Obama's problem tonight was the same thing that's beginning to make a lot of people wonder: Is there anything beneath the commanding presence and the sparkling rhetoric of "change"? When Brian Williams wound up to what he clearly thought was the defining question of the night--what would you do if two American cities were hit by Al Qaeda?--Obama appeared to panic so badly that he lost the ability to hear what was being asked. The shell is handsome and it shimmers with freshness, much the way Edwards's did in 2004. But hold it up to your ear, as we all did tonight, and thus far there's nothing but the hollow echo of the sea roaring back beautifully.

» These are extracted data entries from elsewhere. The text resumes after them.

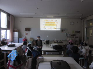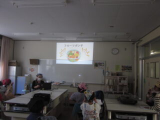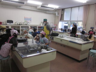 蓋をして焼いていきます。その間、栄養士の先生と勉強しました。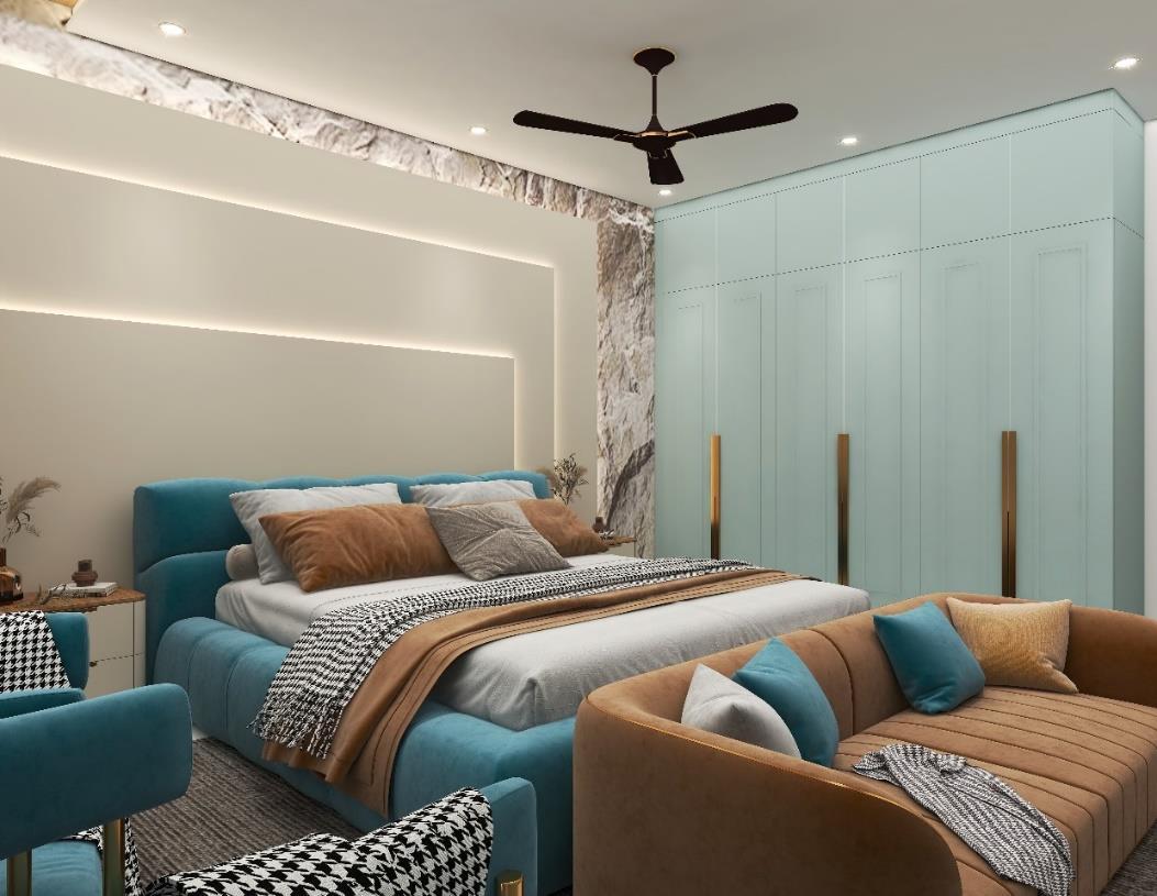 The project needs to design a Master bedroom using the Modern theme with the requirement of King sized bed with side tables, Wardrobe with max. storage, TV unit, Couch/Sofa and Dressing table/mirror.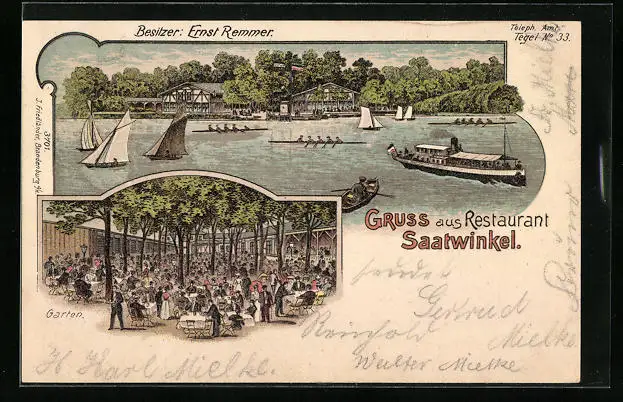 Lithographie Saatwinkel, Restaurant Saatwinkel mit Dampfer, Garten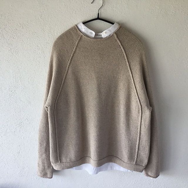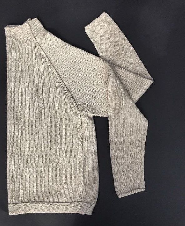 Джемпер "Aside" вяжется сверху вниз лицевой гладью – ничего сложного в вязании гладью и регланом нет, но главная изюминка: отделка "швов". Нижний край выполнен двойной планкой, а манжеты рукавов отделаны тонким шнурком.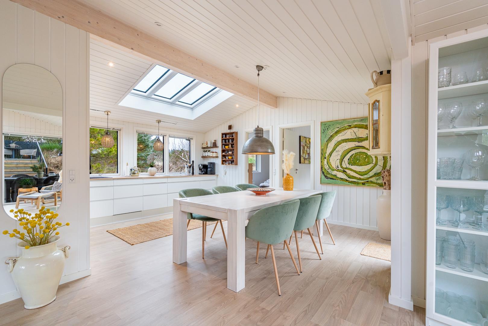 Willkommen in diesem einzigartigen Ferienhaus auf einem großen, hügeligen Naturgrundstück bei Henne Strand – perfekt für alle, die eine ruhige Urlaubsatmosphäre, Natur und Komfort an einem Ort suchen. Das wunderschöne Ferienhaus befindet sich am Ende einer Sackgasse, was für viel Ruhe und Privatsphäre in einer malerischen Umgebung sorgt.

The bigger problem for Obama, heading down the road, is that he does not appear to have a populist streak even half an inch wide. And we are steaming toward an election that will, particularly in the South, be defined by two issues: Iraq, of course, along with the slow-burning economic catastrophe that is finally beginning to hit home in a conscious and frightening way with working-class and middle-class Americans. As I've talked to black and white and Hispanic Southerners these past six weeks, Iraq has always been the first subject that has come up--and with a level of anger, frustration and passion that was rarely matched on that stage in Orangeburg tonight, except perhaps when Gravel quite convincingly pronounced himself "frightened" by the wishy-washiness of some of his fellow candidates on the issue. But folks already knew, before these festivities, that their best bet to end the Iraq disaster lies with the Democrats.
Nope, he's no populist. I don't even think he's much to the left of Harold Ford, Jr.